What is QPM (Query Plan Management)?
A feature that records execution plans for SQL, then either fixes those execution plans or migrates them to another environment for fixation. This is equivalent to Oracle’s SPM (SQL Plan Management). Since Aurora (PostgreSQL) also supports this feature, let’s actually try it.
How to Control Query Plan Management
rds.enable_plan_management = { 0,1} # Set in parameter group
apg_plan_mgmt.capture_plan_baselines = { manual, automatic, off }
# automatic : Automatic plan capture. Captures SQL executed one or more times
# manual : Manually capture execution plans for individual SQL
# off : Disable Query Plan capture
apg_plan_mgmt.use_plan_baselines = { true, false }
# true : Use captured Query Plan to fix execution plan
# false : Do not use captured Query Plan
Environment and Scenario Description
Assuming migration of execution plans from development environment to production environment.

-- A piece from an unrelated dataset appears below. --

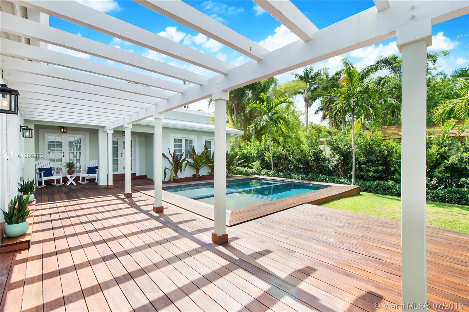 Beautifully re-envisioned 3,226 sq ft home located on a sought after street in the Platinum Triangle. An inviting front porch is surrounded by amazing native trees and plantings. Stunning wood look porcelain floors combined with custom cabinetry and millwork are the perfect palette for design inspiration. Friends and family will gather in the sun filled social areas and magazine quality chef’s kitchen. Master with attached den or nursery and spa-like bathroom. En suite marble baths in every room. Relax in your private yard while enjoying a heated jacuzzi, pool with water treadmill, pergola, and summer kitchen. Impact windows and doors and one of a select few homes in Coral Gables with a metal roof. Nothing left to do but settle in and make yourselves at home!
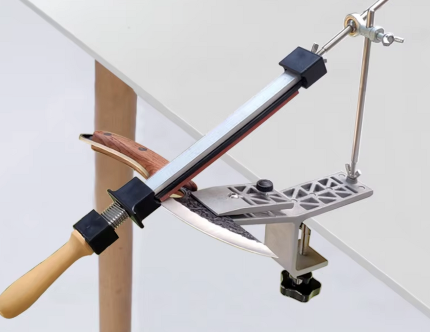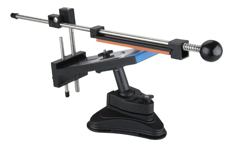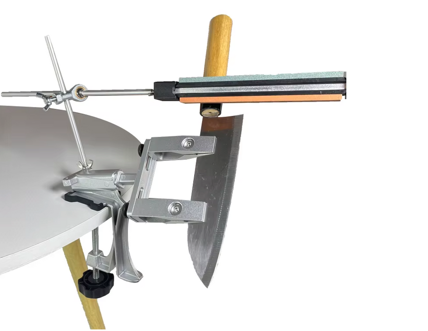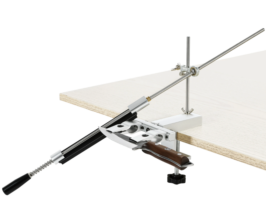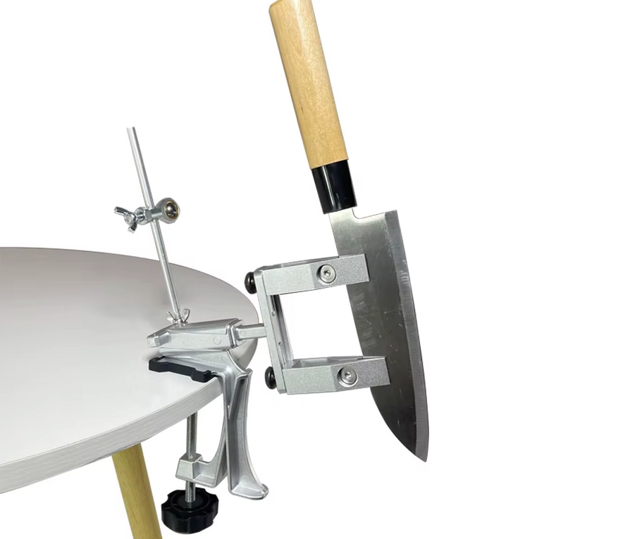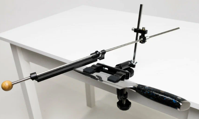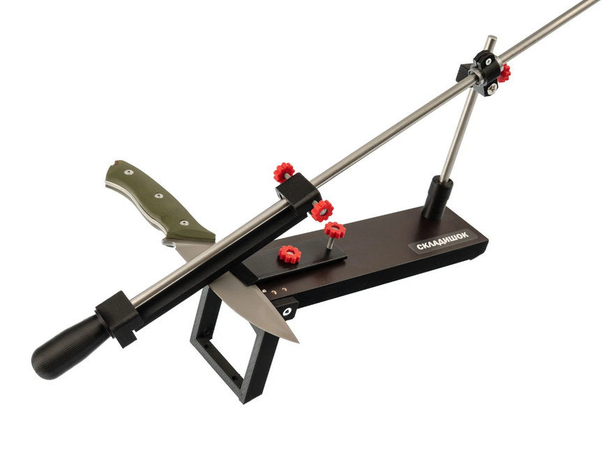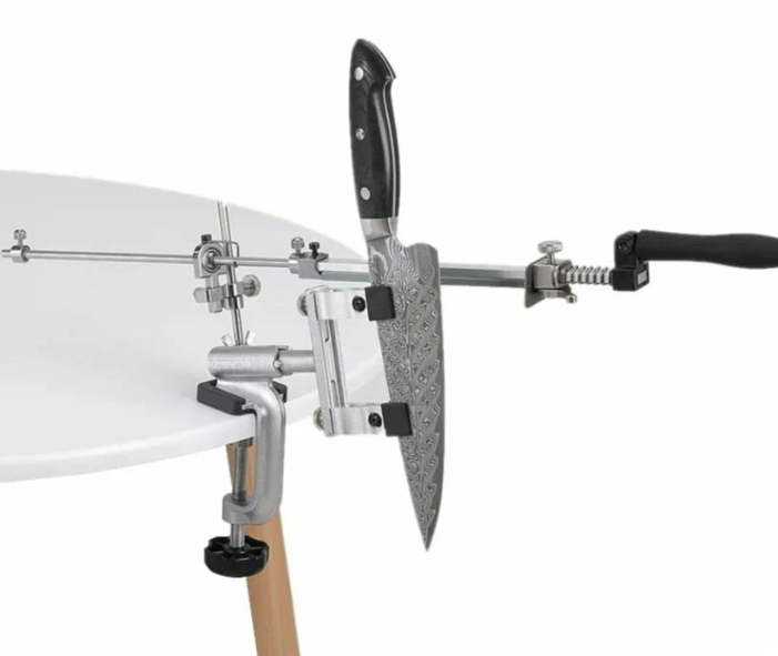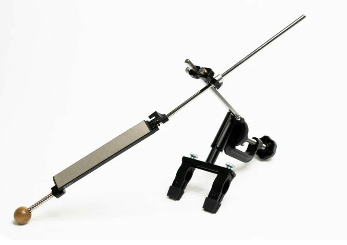 Ручная система с креплением к столу через струбцину, зажимом для клинка и направляющей для абразива. Конструкция состоит из металлического основания, вертикальной стойки и держателя камня. После фиксации кромка ножа располагается ниже уровня рукоятки и рабочей зоны.

- Production DB name: prod
- Development DB name: dev
Migrate the full scan (seq scan) execution plan from the development environment to the production environment to reproduce an inefficient execution plan.
Modify Parameter Group (dev/prod environments)
Set rds.enable_plan_management in the cluster parameter group to 1
Enable Extension (dev/prod environments)
Install apg_plan_mgmt using the create extension command
Command
\dx
create extension apg_plan_mgmt;
\dx
Execution Result
# Execution result
dev=> \dx
List of installed extensions
Name | Version | Schema | Description
---------+---------+------------+------------------------------
plpgsql | 1.0 | pg_catalog | PL/pgSQL procedural language
(1 row)
dev=>
dev=> create extension apg_plan_mgmt; # Enable extension
CREATE EXTENSION
dev=> \dx
List of installed extensions
Name | Version | Schema | Description
---------------+---------+---------------+--------------------------------------------------
-----------------
apg_plan_mgmt | 1.0.1 | apg_plan_mgmt | Amazon Aurora with PostgreSQL compatibility Query # ★← apg_plan_mgmt added
Plan Management
plpgsql | 1.0 | pg_catalog | PL/pgSQL procedural language
(2 rows)
dev=>
dev=>
Pre-check dba_plans Table (dev/prod environments)
The apg_plan_mgmt.dba_plans table has nothing stored in it yet.
Command
SELECT sql_hash, plan_hash, status, enabled, sql_text::varchar(100)
FROM apg_plan_mgmt.dba_plans
ORDER BY sql_text, plan_created;
Execution Result
dev=> SELECT sql_hash, plan_hash, status, enabled, sql_text::varchar(100)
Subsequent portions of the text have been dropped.